The tour guides showed us the telescope and talked about a lot of the new techniques used to optimize the images, such as adaptive optics using deformable mirrors.


We then went outside and they talked about the different organizations/countries which had funded each of the telescopes, and even a little bit about the history and geology of Mauna Kea. Towards the end I got really cold and retreated inside the car, but even then I enjoyed the view.


After the tour we slowly descended back to the visitor center at 9,000 feet. We kept stopping along the way to take photos, and we noticed other tourists copying us, too. The scenery was really spectacular:





Back down at the visitor center, we attended a talk given by a lecturer from the University of Hawaii (Hilo) about his work with adaptive optics. It was fascinating, but sadly half of the audience left early. On the bright side, the other half of the audience was super-engaged, asked a lot of really informed questions, and a few had brought their own telescopes (!!). As the talk ended, we were directed outside to where a bunch of telescopes had been set up to look at various astronomical objects. I was most impressed by the four visible moons of Jupiter, since I've seen a lot of the constellations before.

We spent our last morning at the Pu'uhonua o Honaunau Place of Refuge. Apparently back in the old days, if a Hawaiian broke a "kapu" (law), he/she could avoid punishment by running/swimming to the nearest place of refuge. An offender who managed to reach such a place would be purified and officially forgiven by a priest. Hmm.

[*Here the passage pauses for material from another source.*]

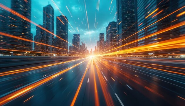 Futuristic city with motion blur. Orange light trails show high speed data transfer tech. Modern skyscrapers skyline, digital connection, information flow, network concept.

Anyway, Pu'uhonua o Honaunau was one of the most sacred of these places of refuge, and today it's been made into a kind of outdoor museum to teach visitors about ancient Hawaiian culture. I'm not sure we learned all that much there, but it's a pretty place and is a good deal (like everything else in Hawaii) at $5:



From there we were off to the airport. When we got to the rental car return, the Budget rep actually asked us for a gas receipt! That was a first for me. Luckily we actually had filled up just a few miles away, so we didn't have to pay any penalty charges. Whew!